What's the use case?

I'm quite keen to spin up / tear down test k0s clusters ( k0s is a lightweight Kubenetes which is easy to install, which needs at least 3 nodes to be useful). With nspawn + ip addressing, frugal ephemeral clusters become possible.

How to install k0s kzeros Kubernetes
K0 (kzeros) in a new single binary distribution model for running and deployingKubernetes. The project is available on GitHub here:https://github.com/k0sproject/k0s The k0s project comes from engineers working on the original docker project andit’s some aims include making ruining and deploying…
  • But you could literally use nspawn containers for anything- Go for it. Anything which runs and binds to an address + port can be ran from nspawn containers. Want to run a database?

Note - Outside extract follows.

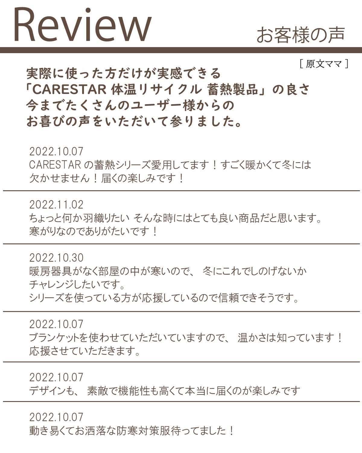 ・電熱でも遠赤外線でもない。自分の体温をリサイクルするから、熱すぎず自然で優しい暖かさが持続する

Apache? an entire stack?
  • nspawn containers support the "Ephemeral" setting which "If enabled, the container is run with a temporary snapshot of its file system that is removed immediately when the container terminates." (docs)

Tutorial: How to setup systemd-nspawn bridge mode

The high-level steps are:

  1. Create a Debian 11 Virtual Private Server (VPS)

2. Install systemd-nspawn and create a machine (aka lightweight container)

3. Configure bridged networking from external -> host -> container(s) (the tricky bit)

We'll also be creating a floating IPv4 address and assigning that IP to our VPS, these instructions are for Hetzner but the concepts are the same regardless of your provider choices.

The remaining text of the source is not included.